Прокаженная
Шрифт:
На миг весь мир замер, потом взорвался гулом восхищения.
Деревья зашумели вершинами, заколыхались листья, рассыпая вокруг рои разноцветных бабочек. Несколько птичьих голосов стали запевалами, и вот весь мир зазвучал веселой, звучной, триумфальной музыкой!
Птичий щебет, звон мушек и комаров, плеск проснувшихся волн — все взывало, сообщая друг другу радостную весть:
— Розовая пани на небе… ведет к нам солнце! День! День! Ясная погода, радость!
Внезапно по опаловым волнам поплыл поток расплавленного золота.
Взошло солнце! Шум на земле усилился, птицы пели все громче.
Стефа опустила голову на грудь. Радостная улыбка пропала
Она сидела на каменной скамейке у озера, окруженного раскидистыми березами. Сегодня она не могла заснуть, и еще задолго до рассвета, в полумраке, тихонько выскользнула из спальни и прибежала сюда.
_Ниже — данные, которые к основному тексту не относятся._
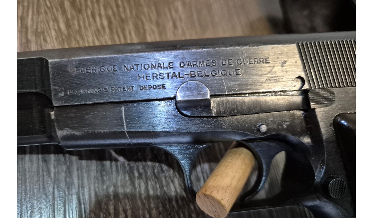 ich biete heute aus meiner Sammlung eine tolle FN High Power im Kaliber 9mm aus dem WK2 an. Zu der Waffe gibt es ein zeitgenössisches und authentisches Leder-Holster.
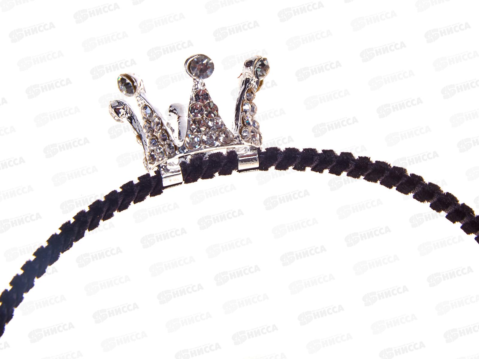 Ободок металл ткань с короной страз №10132

Ей показалось вдруг, что солнце никогда не взойдет.
Вечер ее именин оставил в душе чувства, которые она не забудет никогда. Каким будет наступающий день?
Взойдет ли ясное солнце? Тревога и печаль охватили ее. По мере того, как уходил мрак, прояснялось ее лицо. Она вслушивалась и всматривалась, вбирая в себя столько красок, столько золота, сколько их отражали волны и воздух. И наконец она просияла.
Солнце взошло!
Природа вторила тому, что происходило в душе девушки.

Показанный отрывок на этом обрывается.